Interface Vtables and Dispatch
Abstract
MLIR interfaces let generic code ask semantic questions about a dialect object without knowing its
concrete C++ class. In tileiras every concrete op, type, attribute, and dialect carries a sorted
array of (TypeID, concept*) pairs — its InterfaceMap — and lookup is a 16-byte-pitch binary
search keyed on the TypeID address documented in
TypeID Sentinels and Anchors.
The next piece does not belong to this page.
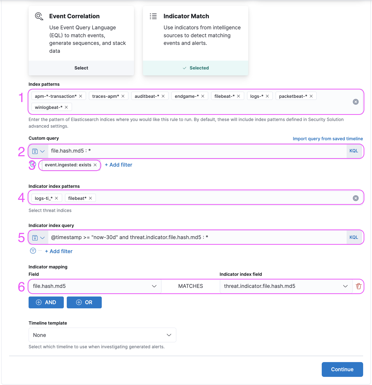 Similar to the defaultIndex UI setting, the value of the defaultThreatIndex is used in the first step of the Create Rule UI, this time for filling out the value of the “indicator index” input. Additionally there are several other places where the defaultThreatIndex values are used as the source index for the indicator events, such as the CTI card on the Overview page, and the indices queried for investigation time enrichments.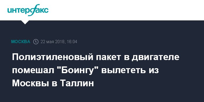 Москва. 22 мая. INTERFAX.RU - Попавший на старте в двигатель самолета полиэтиленовый пакет не дал накануне взлететь пассажирскому "Боингу" в "Шереметьево", сообщил "Интерфаксу" источник в авиадиспетчерских службах.

The concept block is a small vtable
whose first slot is always the concept's own destructor and whose remaining slots are the methods
the interface defines; layout-type interfaces expose shape and coordinate-mapping callbacks, view
types expose element type and memory space, copy-atom types expose value shape and copied bits, and
MMA-atom types expose A/B/C types plus the verifier callback. This page documents the entry
layouts, the binary-search lookup, and the registration shim that installs implementations during
dialect load.
InterfaceMap Layout
Each object that participates in interface dispatch (op, type, attribute, dialect) carries one
InterfaceMap: a flat sorted array of 16-byte entries — the same pitch the OperationName slot
banks use — sorted ascending on the TypeID address.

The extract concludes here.